The response should consist of every line below, restated exactly, with no pictures.

(Exercise data)

..........

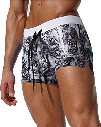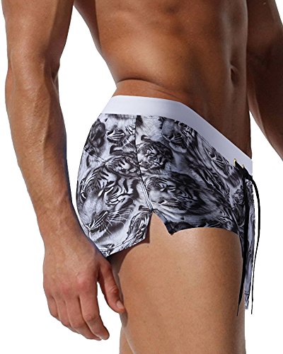 Malavita Mens Swim Trunks Pants Swimwear Shorts Slim Wear With Zipper Pocket (M, White#1)
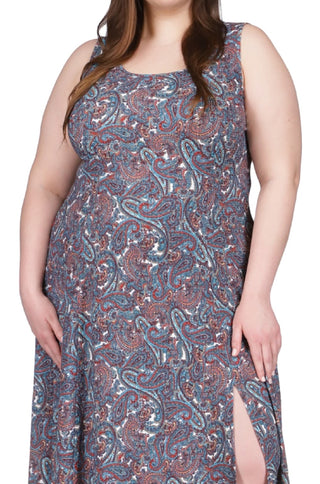 Michael Kors Women's Paisley Scoop Maxi Tank Dress Blue Size 3X
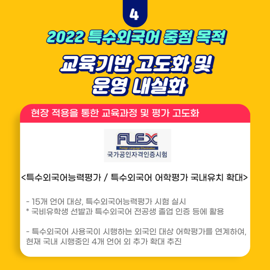 현재 한국외국어대학교 FLEX 센터에서 진행 중인 특수외국어능력평가는 기존 15개 언어를 대상으로 시행되고 있고(23년부터 20개 언어로 확대), 이는 국비유학생 선발과 특수외국어 전공생 졸업 인증 등에 활용되고 있습니다.

..........

(Answer space)
 Malavita Mens Swim Trunks Pants Swimwear Shorts Slim Wear With Zipper Pocket (M, White#1)
 Michael Kors Women's Paisley Scoop Maxi Tank Dress Blue Size 3X
 현재 한국외국어대학교 FLEX 센터에서 진행 중인 특수외국어능력평가는 기존 15개 언어를 대상으로 시행되고 있고(23년부터 20개 언어로 확대), 이는 국비유학생 선발과 특수외국어 전공생 졸업 인증 등에 활용되고 있습니다.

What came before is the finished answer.